View attachment 39047

show us your effort/s to solve this problem.

 

[The Highlander]

Point \(\displaystyle C\) is located at the origin. Line \(\displaystyle \ell\) is tangent to \(\displaystyle \large\odot\)\(\displaystyle C\) at \(\displaystyle (-4, 3)\).

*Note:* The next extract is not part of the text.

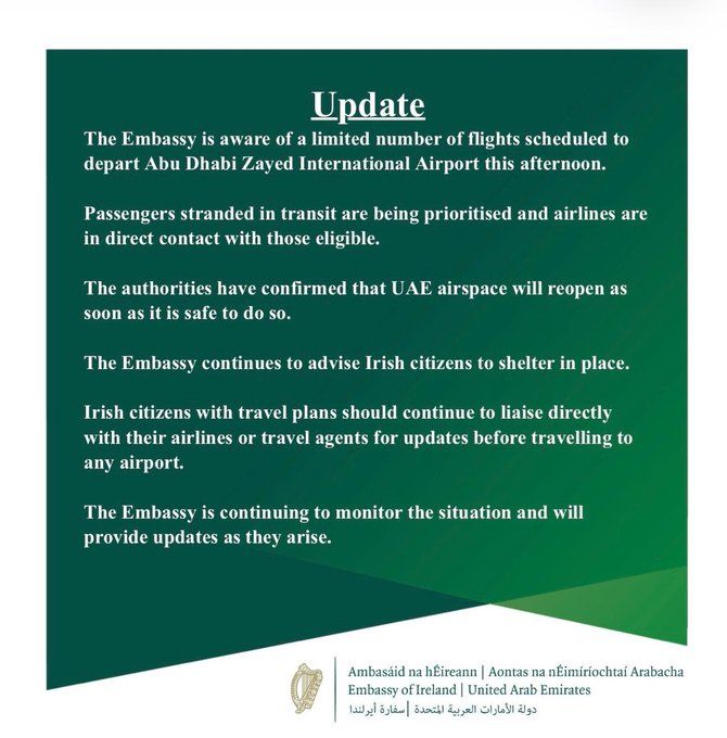 “We are maintaining close touch with the airlines of those citizens who were in transit when the conflict began. We also remain in very close contact with EU partners as this situation evolves.”

Use the diagram to complete the problem.

\(\displaystyle \bold{a.}\) Find the slope of line \(\displaystyle \ell\).
\(\displaystyle \bold{b.}\) Write the equation for \(\displaystyle \ell\).
\(\displaystyle \bold{c.}\) Find the radius of \(\displaystyle \large\odot\)\(\displaystyle C\).
\(\displaystyle \bold{d.}\) Find the distance from \(\displaystyle \ell\) to \(\displaystyle \large\odot\)\(\displaystyle C\) along the \(\displaystyle y\)-axis.

View attachment 39047

See here.

 

[logistic_guy]

Beer induced catatonia follows.

You got this, ...

Thankslike a piece of Cake?

show us your effort/s to solve this problem.

See here.

Appreciate it


How to attack this Challenge? Start by writing what you have.

Equation of the circle.
\(\displaystyle x^2 + y^2 = r^2\)

Equation of the line.
\(\displaystyle y - 3 = m(x + 4)\)

And thanks to Calculus, we have a third equation for the slope, \(\displaystyle m\).
First consider taking the top part of the circle which has this equation:
\(\displaystyle y = \sqrt{r^2 - x^2}\)

Then,

\(\displaystyle m = \frac{dy}{dx} = \frac{-x}{\sqrt{r^2 - x^2}}\)
Oops we are not allowed to use Calculusso we have to figure out a different method. The problem did not say that, but this problem will be given to you in some point of your life where you probably have not yet learned calculus.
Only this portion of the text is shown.